Gordon won another Golden Globe for Rosemary's Baby, and she was nominated again in 1971 for her role as Maude in Harold and Maude (with Bud Cort as her love interest).

=== Later career ===
She appeared in 22 more films and many television appearances through her 70s and 80s, including successful sitcoms such as Rhoda (as the mother of the unseen doorman Carlton, which earned her an Emmy nomination) and Newhart. She portrayed a murderous author on the 1977 episode Columbo: Try and Catch Me. She made countless talk-show appearances, in addition to hosting Saturday Night Live in 1977.

Gordon won an Emmy Award for an appearance on the sitcom Taxi, for a 1979 episode titled "Sugar Mama", in which her character tries to solicit the services of a taxi driver, played by series star Judd Hirsch, as a male escort.

Her last Broadway appearance was as Mrs. Warren in George Bernard Shaw's Mrs. Warren's Profession, produced by Joseph Papp at the Vivian Beaumont Theater in 1976. In the summer of 1976, Gordon starred in the leading role of her own play, Ho! Ho! Ho! at the Cape Playhouse in Dennis, Massachusetts. She had a minor role as Ma Boggs, the mother of Orville Boggs (Geoffrey Lewis), in the Clint Eastwood films Every Which Way but Loose and Any Which Way You Can.

In 1983, Gordon was awarded the Women in Film Crystal Award for outstanding women who, through their endurance and the excellence of their work, have helped to expand the role of women within the entertainment industry.

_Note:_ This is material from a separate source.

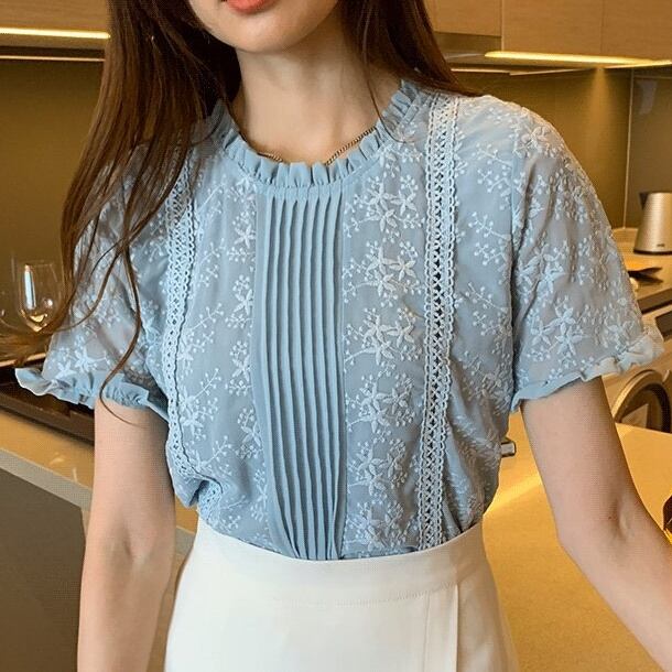 トップス レディース ブラウス 3カラー S M L XL 2XL ブルー ホワイト ピンク カラバリ シャツ 半袖 レース 花柄 フリル ピンタック 華やか シンプル きれいめ カジュアル フェミニン エレガント 上品 キュート ガーリー 大人可愛い おしゃれ 普段使い デート お出かけ 女子会 休日 旅行 通勤 通学 セレモニー お呼ばれ 着まわし 存在感 送料無料 韓国系 ファッション コーデ スタイル モテ サイズ展開豊富 大きいサイズ 春 夏 10代 20代 30代 40代 50代

Harold and Maude, Adam's Rib, and Rosemary's Baby have been selected for preservation in the National Film Registry of the United States Library of Congress.

==Death and legacy==
On August 28, 1985, Gordon died at her summer home in Edgartown, Massachusetts, following a stroke at age 88. Her husband of 43 years, Garson Kanin, was at her side and said that even her last day of life was typically full, with walks, talks, errands, and a morning of work on a new play. She had made her last public appearance two weeks before at a benefit showing of the film Harold and Maude and had recently finished acting in four films.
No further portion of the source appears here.